Approximate Joint-Inclusion Probabilities

Description

Approximations of joint-inclusion probabilities by means of first-order inclusion probabilities.

Usage

jip_approx(pik, method)

Arguments

`pik`	numeric vector of first-order inclusion probabilities for all population units.
`method`	string representing one of the available approximation methods.

Details

Available methods are "Hajek", "HartleyRao", "Tille", "Brewer1","Brewer2","Brewer3", and "Brewer4". Note that these methods were derived for high-entropy sampling designs, therefore they could have low performance under different designs.

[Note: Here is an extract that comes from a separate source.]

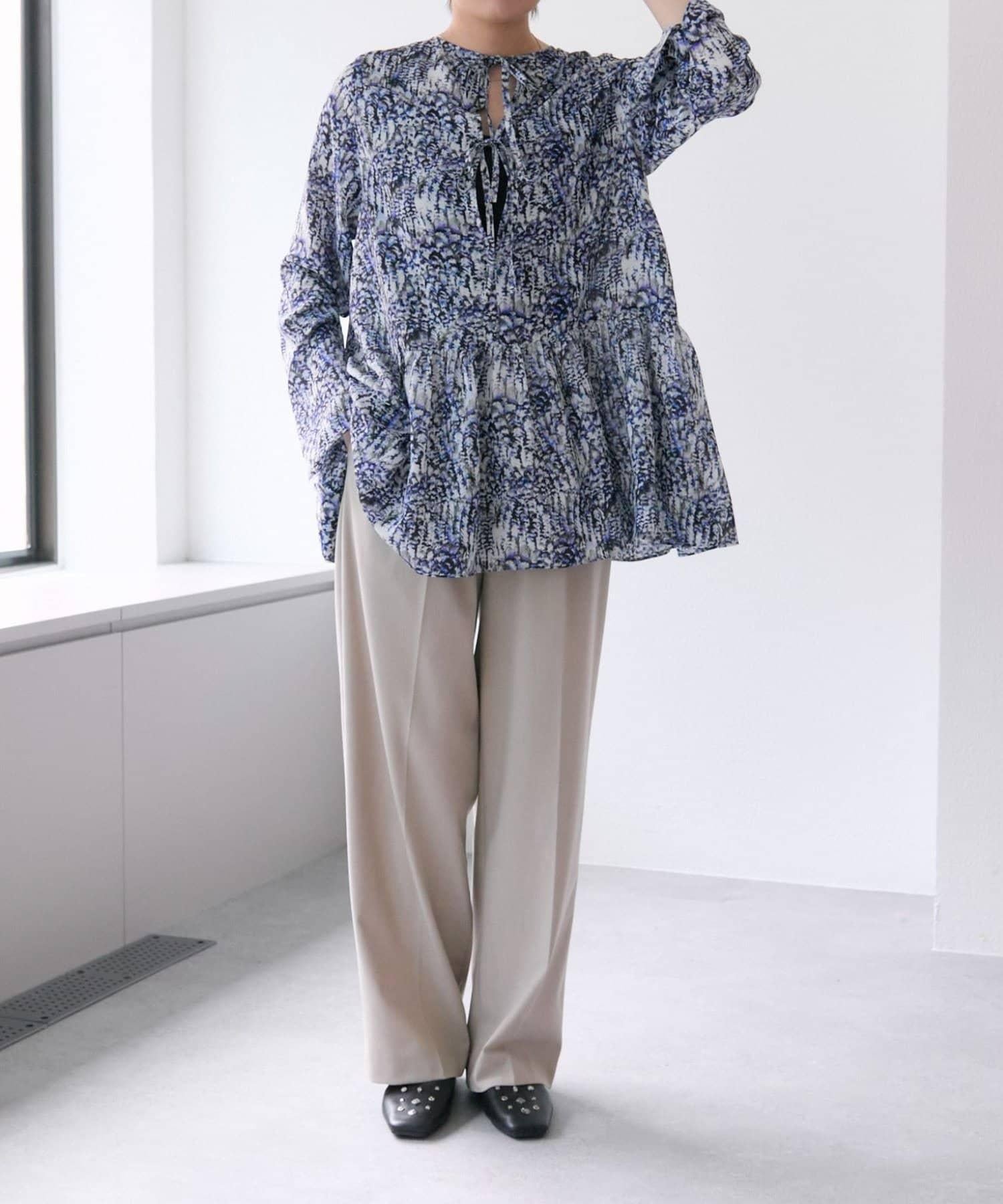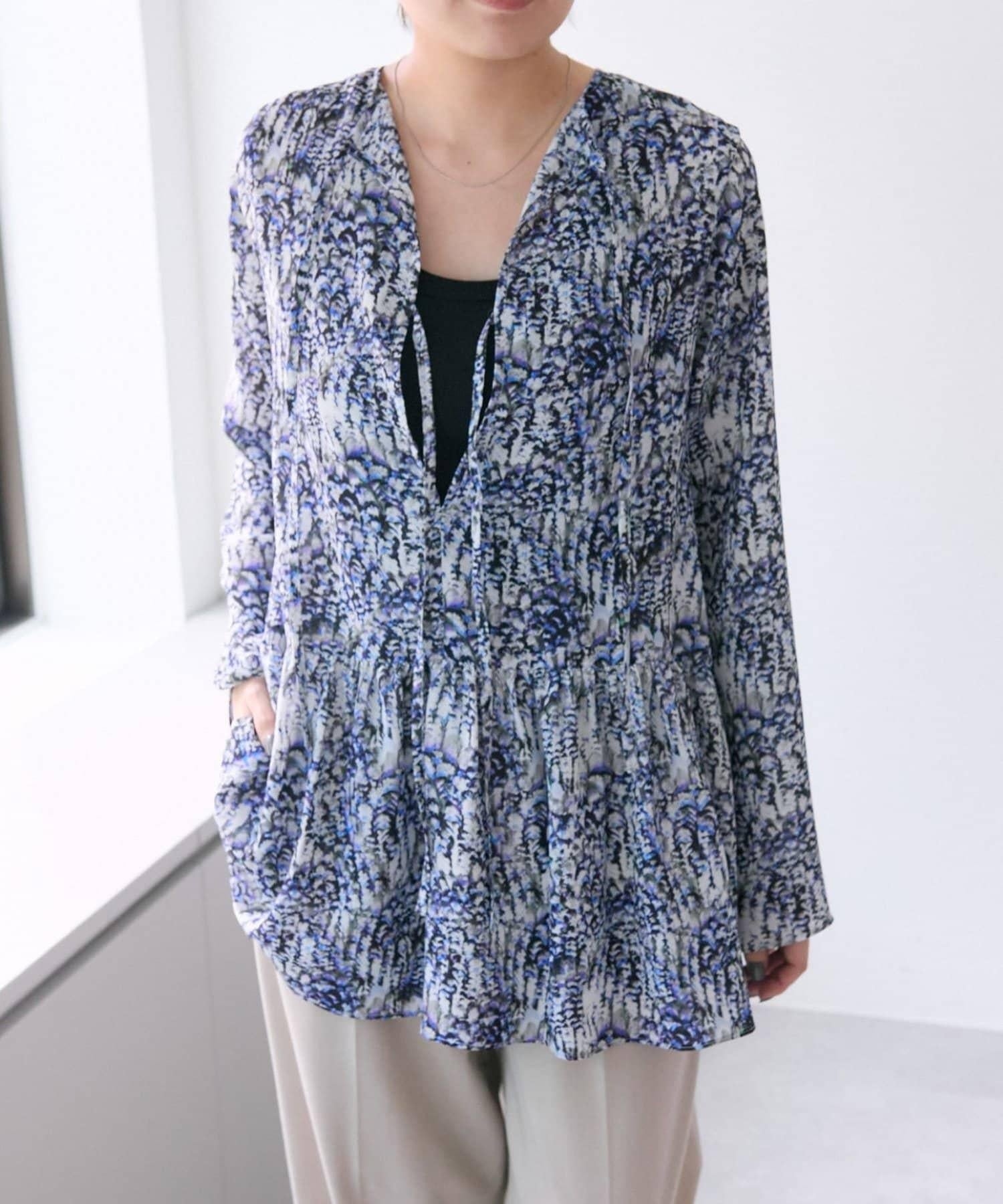 《體型遮蓋/前後2WAY》花卉印花長款襯衫【SUM1 STYLE(斯密風格)】
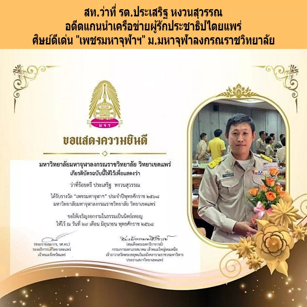 สท.ว่าที่ รต.ประเสริฐ หงวนสุวรรณ อดีตแกนนำเครือข่ายผู้รักประชาธิปไตยแพร่ ได้รับการคัดเลือกเป็นบุคลากรดีเด่น และศิษย์ดีเด่น “เพชรมหาจุฬาฯ” มหาวิทยาลัยมหาจุฬาลงกรณราชวิทยาลัย วิทยาเขตแพร่ ประจำปี ๒๕๖๘ เพื่อเป็นการยกย่องเชิดชูเกียรติศิษย์ผู้ประสบความสำเร็จในการประกอบสัมมาอาชีพเป็นที่ยอมรับโดยทั่วไปและทำคุณประโยชน์ให้แก่สังคมท้องถิ่น ประกาศเกียรติคุณต่อสาธารณชน และยกย่องเป็นต้นแบบและแรงบันดาลใจให้แก่ศิษย์ปัจจุบันในฐานะศิษย์เก่าคุณภาพของมหาวิทยาลัย

Hájek (1964) approximation [method="Hajek"] is derived under Maximum Entropy sampling design and is given by

\tilde{\pi}_{ij} = \pi_i\pi_j \frac{1 - (1-\pi_i)(1-\pi_j)}{d}

where d = \sum_{i\in U} \pi_i(1-\pi_i)

Hartley and Rao (1962) proposed the following approximation under randomised systematic sampling [method="HartleyRao"]:

\tilde{\pi}_{ij} = \frac{n-1}{n} \pi_i\pi_j + \frac{n-1}{n^2} (\pi_i^2 \pi_j + \pi_i \pi_j^2) - \frac{n-1}{n^3}\pi_i\pi_j \sum_{i\in U} \pi_j^2

+ \frac{2(n-1)}{n^3} (\pi_i^3 \pi_j + \pi_i\pi_j^3 + \pi_i^2 \pi_j^2) - \frac{3(n-1)}{n^4} (\pi_i^2 \pi_j + \pi_i\pi_j^2) \sum_{i \in U}\pi_i^2

+ \frac{3(n-1)}{n^5} \pi_i\pi_j \biggl( \sum_{i\in U} \pi_i^2 \biggr)^2 - \frac{2(n-1)}{n^4} \pi_i\pi_j \sum_{i \in U} \pi_j^3

Tillé (1996) proposed the approximation \tilde{\pi}_{ij} = \beta_i\beta_j, where the coefficients \beta_i are computed iteratively through the following procedure [method="Tille"]:

\beta_i^{(0)} = \pi_i, \,\, \forall i\in U
\beta_i^{(2k-1)} = \frac{(n-1)\pi_i}{\beta^{(2k-2)} - \beta_i^{(2k-2)}}
\beta_i^{2k} = \beta_i^{(2k-1)} \Biggl( \frac{n(n-1)}{(\beta^(2k-1))^2 - \sum_{i\in U} (\beta_k^{(2k-1)})^2 } \Biggr)^(1/2)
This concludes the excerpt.